I designed a data-logging system with two very wide-angle cameras oriented
at 45 degrees to the left and right with a fairly cheap 6 degree of
freedom inertial measurement unit attached to the left camera. This
was used to take
an image sequence for the initial traversal, and also for the reverse
traversal for an off-line demonstration of the algorithm. The following
is the initial
sequence, followed by the return sequence. In each the left camera
is the image on the left, and the right is on the right. Both have
been reduced
in quality
for the web.
The
method for identifying revisited landmarks is based on the
SIFT object recognition
framework, described in another section of this
site, here. To summarize,
sections or subsections of images in the initial traversal
will be templates
against which the currently seen image on the return traversal
will be compared. The first qualitative analysis of these sequences
can
be found by using the entire image as a template, and seeing
how it compares to the other images. Here, every 20th image
from each
camera in the initial traversal is compared to each 20th image
in the reverse traversal. This means that there are 164 images
to compare,
because each sequence is composed of 801 images from a given
camera. The results are displayed in the following graph, where
a positive
match is white, and negative is black.
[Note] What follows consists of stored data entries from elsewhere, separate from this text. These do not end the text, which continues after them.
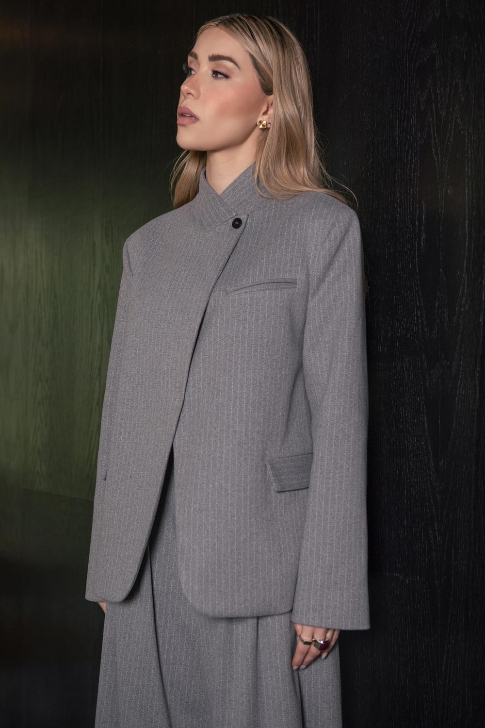 Blazer cruzado de fit oversized, estampado rayas, con cuello solapa cruzado y hombreras, manga larga, vivo frontal, bolsillos delanteros con cartera. Cierre frontal con botón.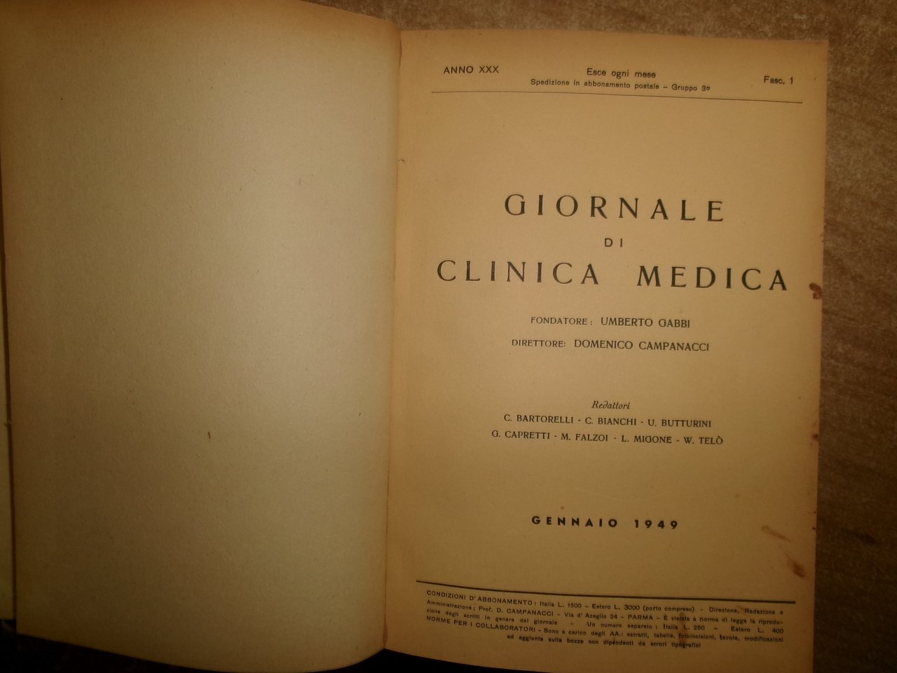 DOMENICO CAMPANACCI. Giornale di Clinica Medica 1949. 12 fascicoli in-8° legati assieme in m-tela con titolo in oro sul dorso. 1056 pp. con illustrazioni in nero n.t. Salon. sporta 3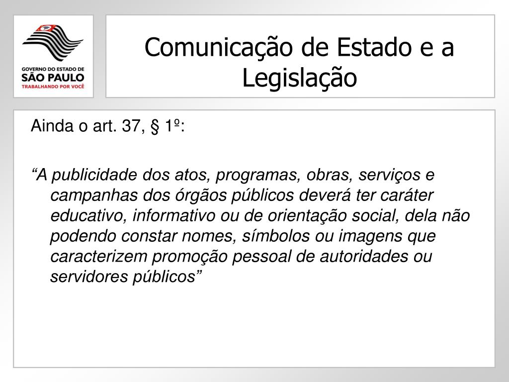 Comunicação de Estado e a Legislação Ainda o art. 37, § 1º: “A publicidade dos atos, programas, obras, serviços e campanhas dos órgãos públicos deverá ter caráter educativo, informativo ou de orientação social, dela não podendo constar nomes, símbolos ou imagens que caracterizem promoção pessoal de autoridades ou servidores públicos”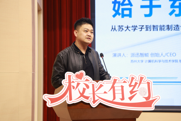 李游以“智能之‘派’,始于东吴”为题,分享了从苏大学子到智能制造领域开拓者的奋斗历程。他回顾了在校期间打下的扎实专业基础,以及与室友共同创业的初心,讲述了如何从产业一线发现问题、持续攻坚,带领派迅智能成长为国家级专精特新“小巨人”的创业实践。他强调,技术创新不仅源于理论探索,更源于对实际生产难题的洞察与破解。他还系统阐释了智能线边仓解决方案在赋能高端制造、提升产业效能方面的作用,并寄语学弟学妹筑牢专业根基、勇于迭代探索、保持好奇心与使命感,塑造属于自己的人生“核心算法”。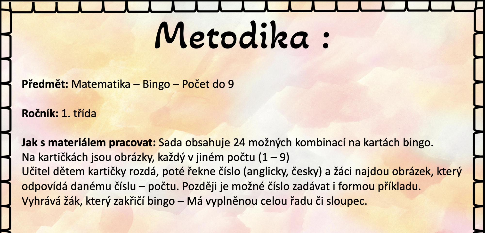 Sada obsahuje 24 možných kombinací na kartách bingo. Na kartičkách jsou obrázky.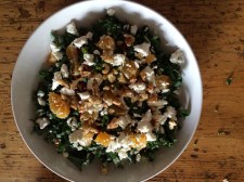Bohnensalat mit Zwiebeln, Petersilie, Schafskäse und Tomaten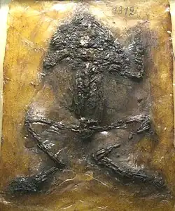 Among the amphibians, the frogs and salamanders are the most important, with 200 to 300 specimens of each, plus numerous individual bones. The articulated skeletons of the frogs are all very fragile, with larger skeletal elements close to the body prevailing over smaller ones far from the body. The remains also include a large number of tadpoles.[54][55] Quite common is Eopelobates from the family of European shovel-footed toads, to which today's spadefoot toad also belongs. Like the latter, Eopelobates lived largely terrestrially. In contrast, the equally common Palaeobatinopsis was an aquatic animal from the Palaeobatrachidae family, a now extinct group of frogs. Further fossil material may well belong to a closely related representative.[56] Of the newts, Palaeoproteus is particularly numerous. It is an amphibious olm that grew up to 25 cm long and had very short limbs. Tylototriton occurs less frequently. This genus, known as crocodile newts, is still found in East and Southeast Asia and its representatives belong to the true salamanders.[57]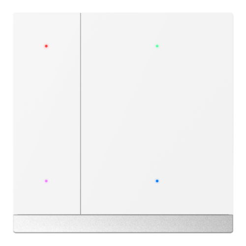 Современный изысканный дизайн серии WALTZ. Кнопки настраиваются на 1 или 2 функции. Рамка и клавиши из алюминия. Встроенный датчик температуры, LED индикаторы. Функции зависят от длительности нажатия кнопки, НО или НЗ контакт. Управление светом, шторами, сценами и пр.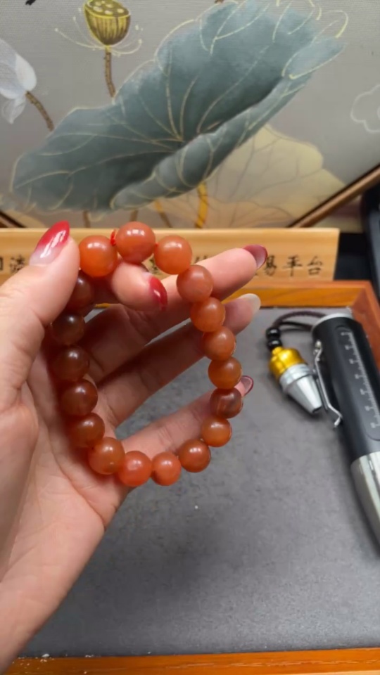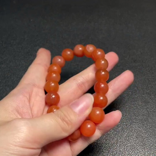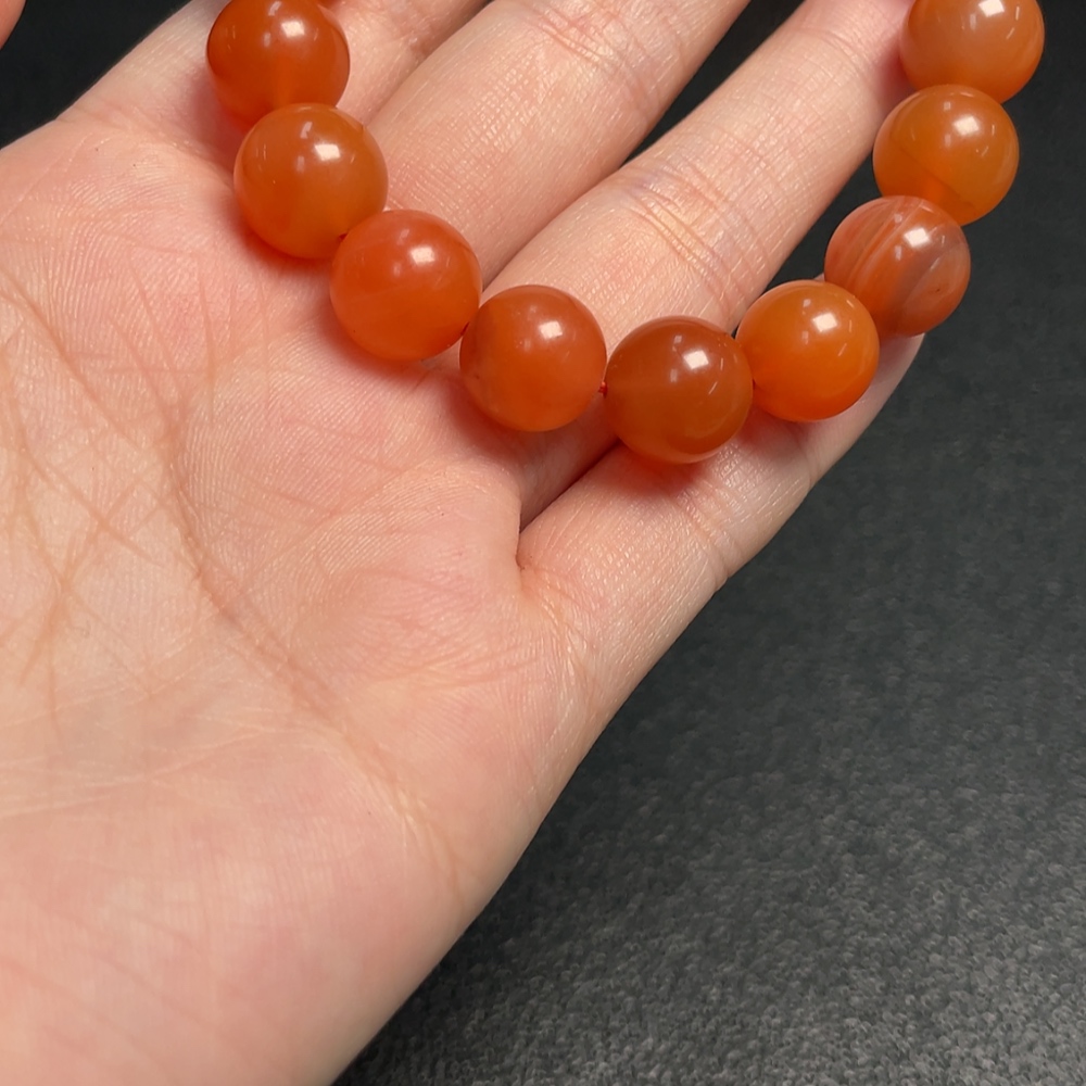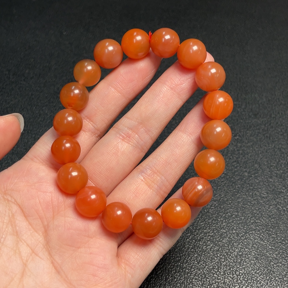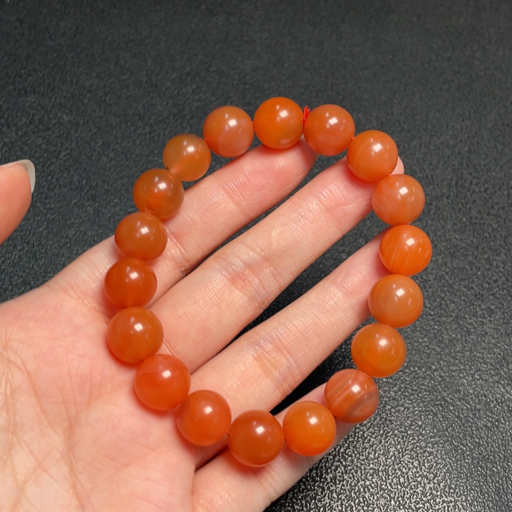 Red Agate Bracelet with Visible Organic Matter, Total Weight Approx. 37.45g, Size ~11.4mm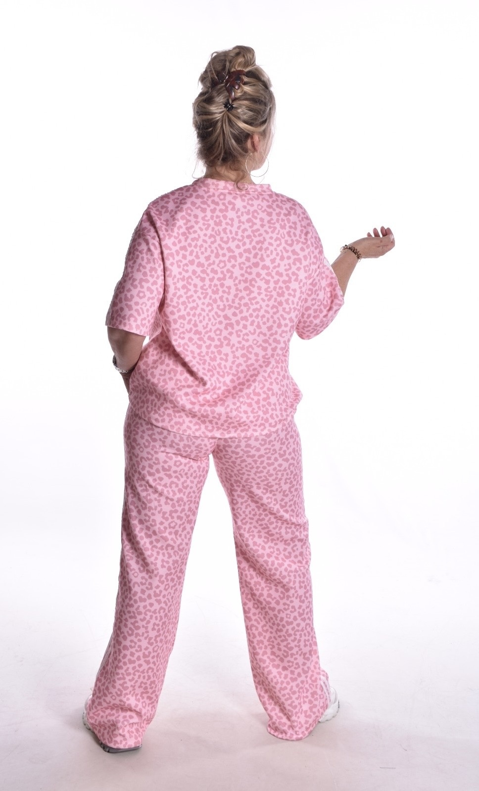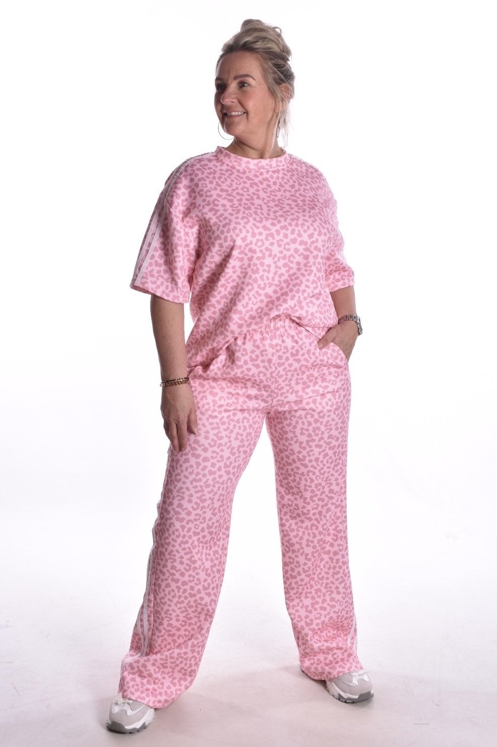 Set Jane is een prachtige tweedelige set van een lekker zacht stofje. De broek heeft elastiek in de taille.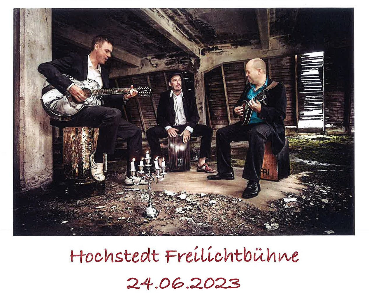 Am kommenden Samstag werden Jens Schilling (Gesang&Gitarre), Jens Wackerhagen (Drums, Melodica, Mundharmonika &Gesang) und Holger Cieslar (Bass, Gitarre, Mandoline, Ukulele & Gesang) auf der Freilichtbühne in Hochstedt ein Konzert geben, bei dem natürlich auch getanzt werden darf. Auf keinen Fall soll es ein Sitzkonzert werden! Es wird eine kleine Tanzfläche geben und das Publikum soll sich bei lockerer Atmosphäre auf dem Gelände der Bühne einfach nur wohl fühlen.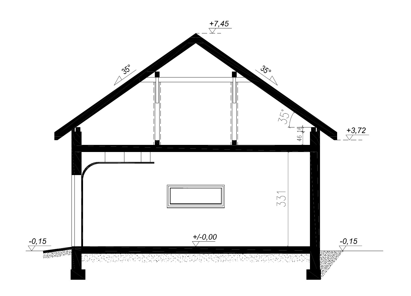 - Dach: dwuspadowy o kącie nachylenia 35°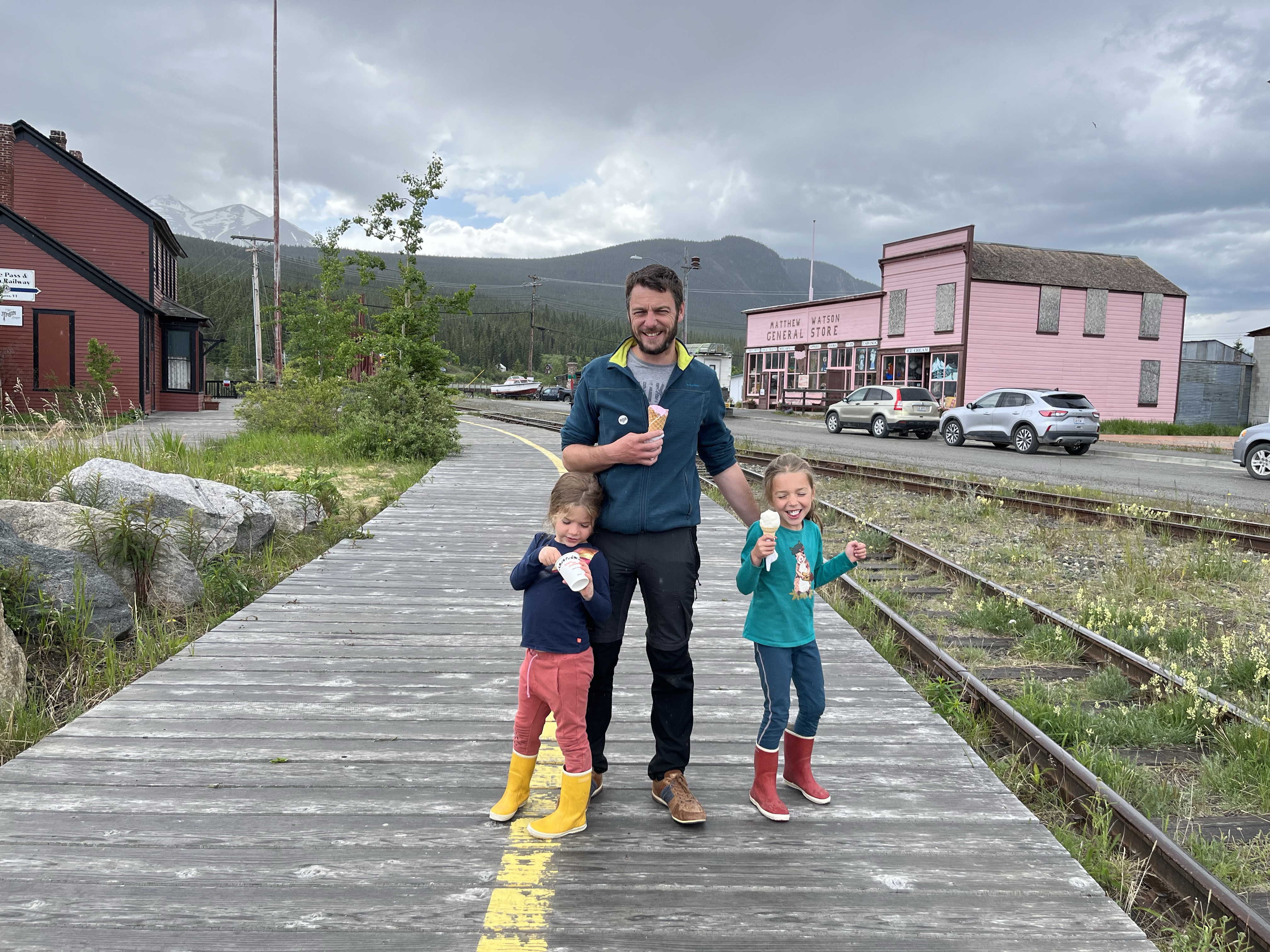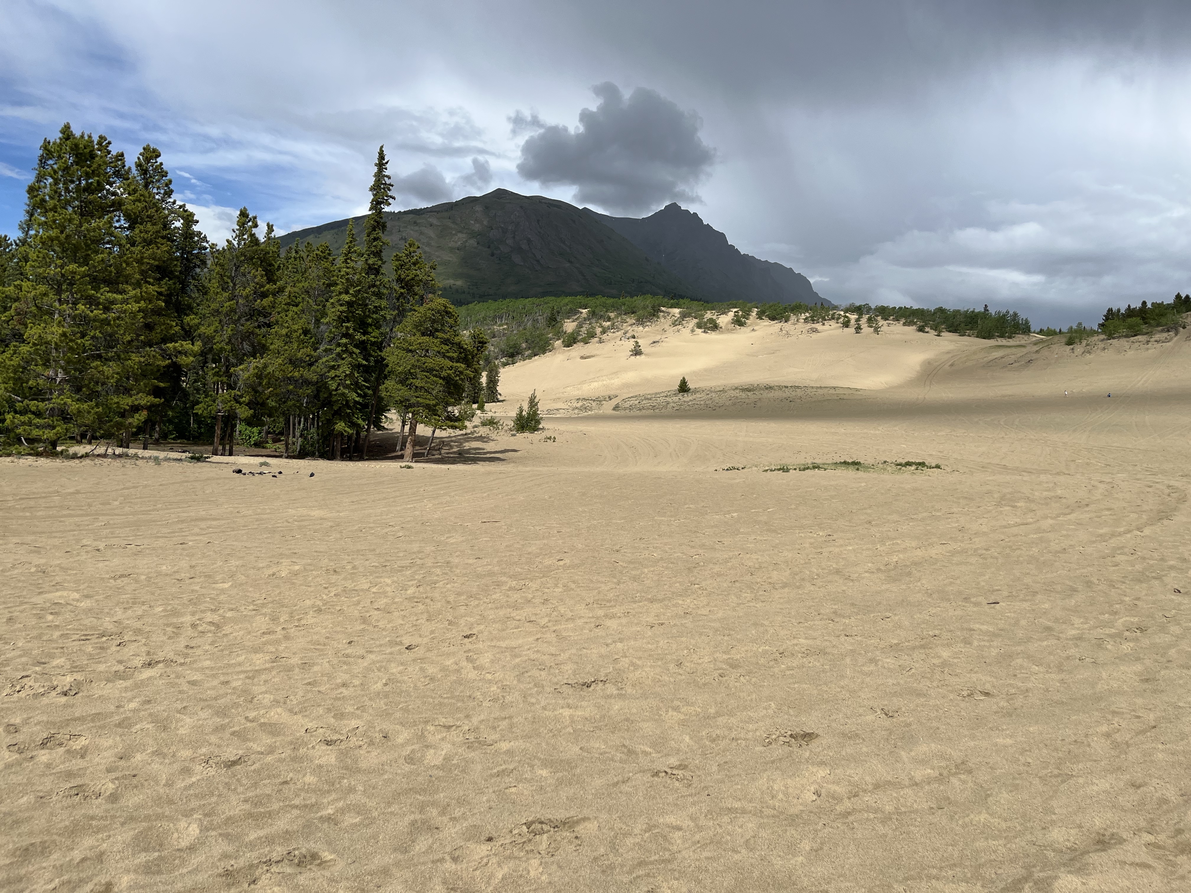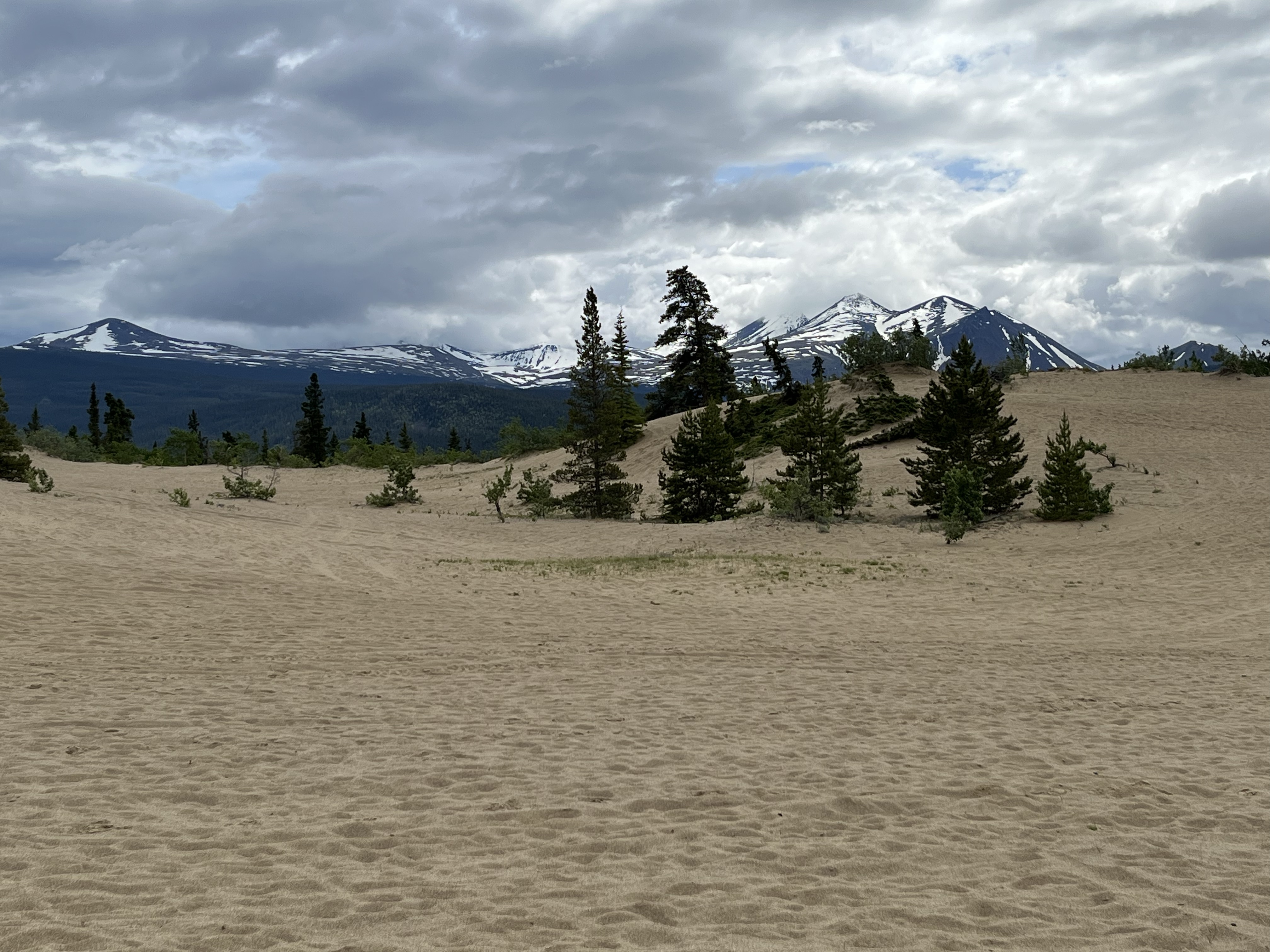 Nadien nog een korte wandeling naar de supermarkt (voor een nieuwe haarborstel weet je wel) alleen… dat was ondertussen een souveniertjeswinkel. Lang verhaal kort, met een ijsje en gat in onze portemonnee stonden we paar uur later terug aan de mobilhome. Klaar voor de bezienswaardigheid van Carcross, namelijk…. De kleinste woestijn op aarde!

The axes are labeled
such that “R” & “L” refer to the
right and left camera image respectively, and “for” & “back” refer
to the forward and reverse (or ‘backward’) image
sequence respectively.
Clearly
there is a strong correlation along the downward diagonal. This
means that in a given sequence, there are a large number of
matches from the same camera for images slightly offset in time.
This makes sense: an image of a given scene will very strongly
correlate with an image of the same scene from a few meters
away. In addition,
there are many matches corresponding to the stereo pairs, making
the top left and bottom right of the graph tri-diagonal. This
is expected, yet not relevant for now.
The key to a successful navigation will be correspondences from
the forward and backward sequences, and these are strongest along
the
upward diagonal from the bottom left to top right. This means that
the right image from the end of the forward traversal corresponds
to the left image from the reverse traversal, which makes a great
deal of intuitive sense. Depending on the path followed, this could
change, but can be used to formulate an algorithm for navigation:
• Build a stack from every n-th image in the initial sequence for each
camera. (this can be a dynamic value based upon something like
the information gain from adding a new image M away)
• Compare the current left image in the reverse traversal to the top
of the right stack. Repeat for the right image and left stack.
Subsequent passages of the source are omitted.